Hi, sorry this may be a bit of a newbie question: I 've had to make up a baton to make a shower screen fit to an oddly-angled wall. I need to finish it in something white that will protect and waterproof the wood. 

What do you guys advise? I'd assumed a primer of some sort and a waterproof top coat. It's a fairly hard pine, if that's any help. 

Thanks!


----------



## yetloh (4 Mar 2010)

I'm afraid I can't hekp with this pne, but welcome to the forum anyway.

If you get no response from anyone, I suggest you post again on the General Woodworking section of the forum as that gets a lot more traffic.

Jim


----------



## Eric The Viking (9 Mar 2010)

Pierre":utzhuvye said:


> Hi, sorry this may be a bit of a newbie question: I 've had to make up a baton to make a shower screen fit to an oddly-angled wall. I need to finish it in something white that will protect and waterproof the wood.
> 
> What do you guys advise? I'd assumed a primer of some sort and a waterproof top coat. It's a fairly hard pine, if that's any help.



Marine paints, properly applied will do it. They're not cheap, and you do need to be scrupulous in preparation and finishing, but they can usually be bought in small quantities. 

If you have a chandlers nearby, the marine range from International Paints used to be good. For the ultimate result, use a marine two-part polyurethane (should be able to get this in white), but again it's expensive and you need to follow the instructions carefully. 

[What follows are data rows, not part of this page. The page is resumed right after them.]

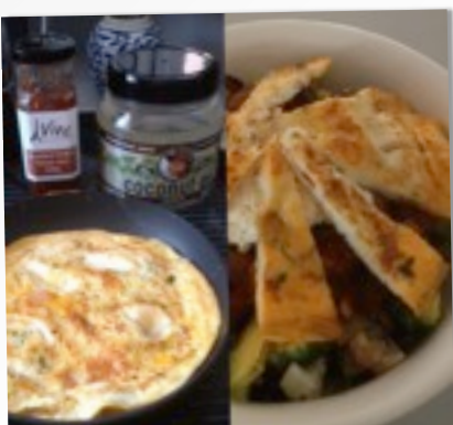
FEEDING FREQUENCY 4 – 6

meals so amp up the volume with your fibrous veggies. Veggies have a low caloric density (you can eat lots for few calories) and are also fibre rich which will keep you feeling fuller longer. Aim for a rainbow of colours as the micronutrients this will give you actually fight cravings.
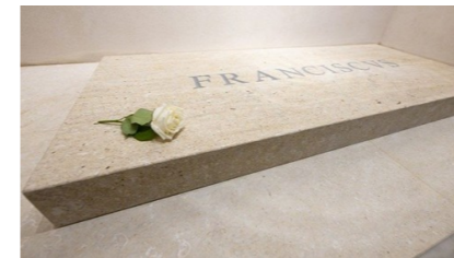
Pope Francis' resting place in Santa Maria Maggiore
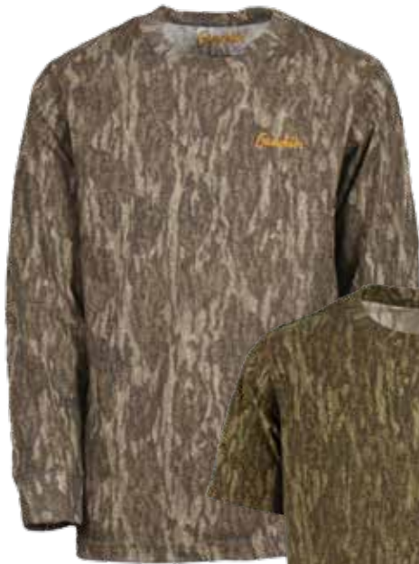
Mossy Oak® New Bottomland™ (NBD)
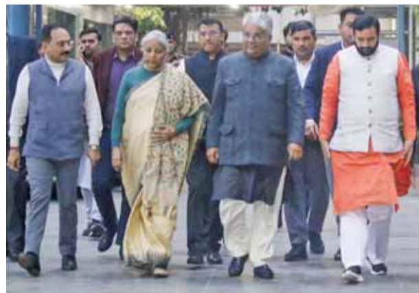
Union Ministers Nirmala Sitharaman, Bhupender Yadav, Haryana CM Nayab Saini and other BJP leaders after meeting the Election Commission of India
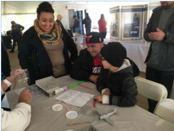
This mother and father are clearly enjoying watching their son build a Republic Thunderbolt.

The sad part was many kids walked away because their parents did not wait for an open spot, and they did not come back later. That being said, our volunteers were clearly maxed out trying to support the multiple builds going on at any given time. The only real break we got was when the Blue Angels went airborne at 4 pm and nearly everyone went to see their exciting performance.
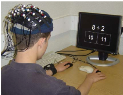
Figure 2 fNIRS. Shows young participant wearing a cap with source and detector optodes. fNIRS has several advantages over fMRI: it is more comfortable; it provides good temporal resolution (sampling at 10 Hz); it has been widely used with children from neonates onward; and it is even portable. On the other hand, the spatial resolution is much lower than fMRI (but better than EEG), and, currently, block-design experiments work much better than event-related.

Brain systems for mathematics. How the brain systems for mathematics (especially the intraparietal sulci) develop from infancy to adults is not known, either in normal or atypical development. One reason is that it is difficult to use fMRI with children (they move too much, or they fall asleep, in the scanner). EEG does not, at the moment, give sufficient spatial resolution to map the developmental trajectory, but it may be that functional Near InfraRed Spectroscopy (fNIRS) could be the answer, since it currently resolves at about 0.5 \text{ cm}^2 , with better resolution likely in the near future. Current systems are portable, and comfortable for young participants (see Figure 2). fNIRS measures regional cerebral blood flow, like fMRI, but unlike fMRI, at present it can only measure this in cortex and not in deeper structures. This is sufficient to see arithmetical processing (Iuculano et al., 2008) and there is now software for carrying out appropriate statistical analyses on the optical signals (Peck et al., submitted).
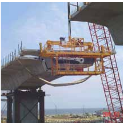
Segment erection was performed using the balanced cantilever construction method.

A post-tensioning system designed for extended service life structures was provided.
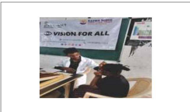
General health check-ups
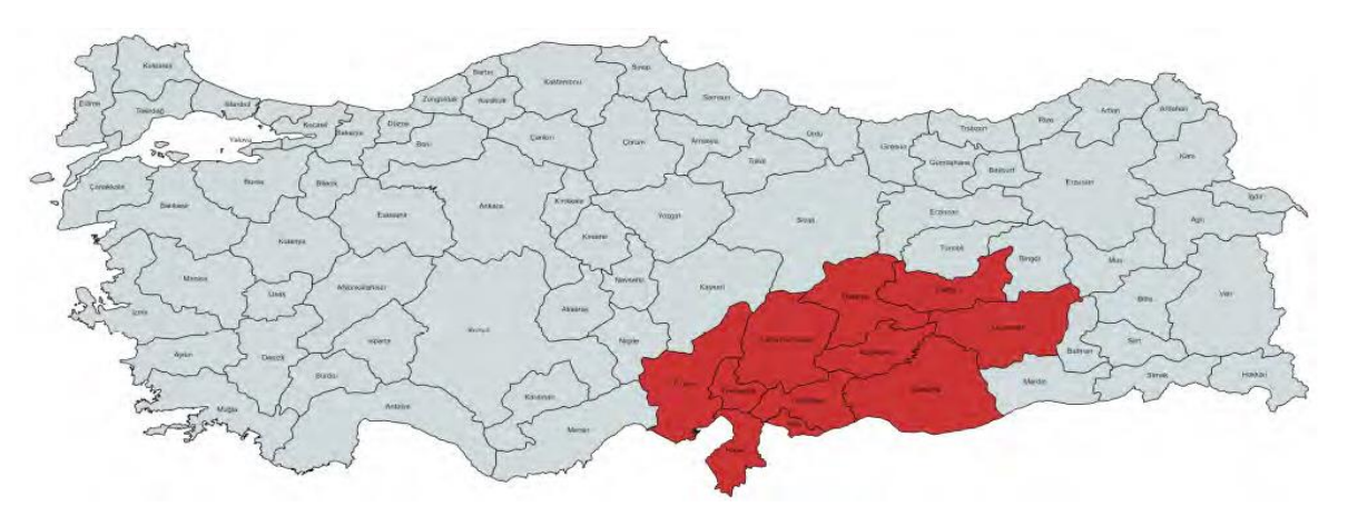
Figure 1. Provinces primarily affected by Kahramanmaraş earthquakes (AFAD, 2023; URL-6).

Republic of Turkey, Ministry of Interior, Disaster and Emergency Management Presidency (AFAD) On 06.02.2023, at 04:17 and 13:24, Turkey time, two earthquakes of magnitude Mw 7.7 and Mw 7.6, the epicentres of which were in Pazarcık (Kahramanmaraş) and Elbistan (Kahramanmaraş) stated to have occurred (Erol & Çekilme, 214). The earthquakes that occurred were close to the ground surface and the 7.7 Mw earthquake occurred at a depth of 8.6 km, while the 7.6 Mw earthquake occurred at a depth of 7 km. The closest settlement to the epicentre of the 7.7 Mw earthquake was Pazarcık/Akdemir (2.72 km), and the closest settlement to the epicentre of the 7.6 magnitude earthquake was Elbistan/Gümüsdöven (1.70 km). After the earthquakes that occurred, approximately 1300 aftershocks were recorded until 09.02.2023 at 16.00 and nearly 3000 aftershocks were recorded until 16.03.2023 at 24.00 (AFAD, 2023; ITU, 2023). Figure 1 shows the provinces that were primarily affected by the Kahramanmaraş-centered earthquakes.

Having said that, I used a one-part clear polyurethane varnish on some small mahogany mounting plates used outdoors (for door stays). They get a lot of weather but are holding up pretty well so far.


----------



## Lons (9 Mar 2010)

Pierre":1azf4s43 said:


> Hi, sorry this may be a bit of a newbie question: I 've had to make up a baton to make a shower screen fit to an oddly-angled wall. I need to finish it in something white that will protect and waterproof the wood.
> 
> What do you guys advise? I'd assumed a primer of some sort and a waterproof top coat. It's a fairly hard pine, if that's any help.
> 
> Thanks!



Have you thought about possibly cladding it with a white pvc trim or angle.

I've done so many times. very easy to cut to fit, just stick it and seal all round with silicone and you've got a neat permanant and well sealed job.

You can buy in lengths up to 5mtrs and they are cheap and freely available.
Look for anyone selling plastics or try the upvc window / conservatory companies. I guarantee you'll find something suitable

Bob


----------



## Lons (9 Mar 2010)

Forgot that the big sheds, Wickes and B&Q have a range as well


----------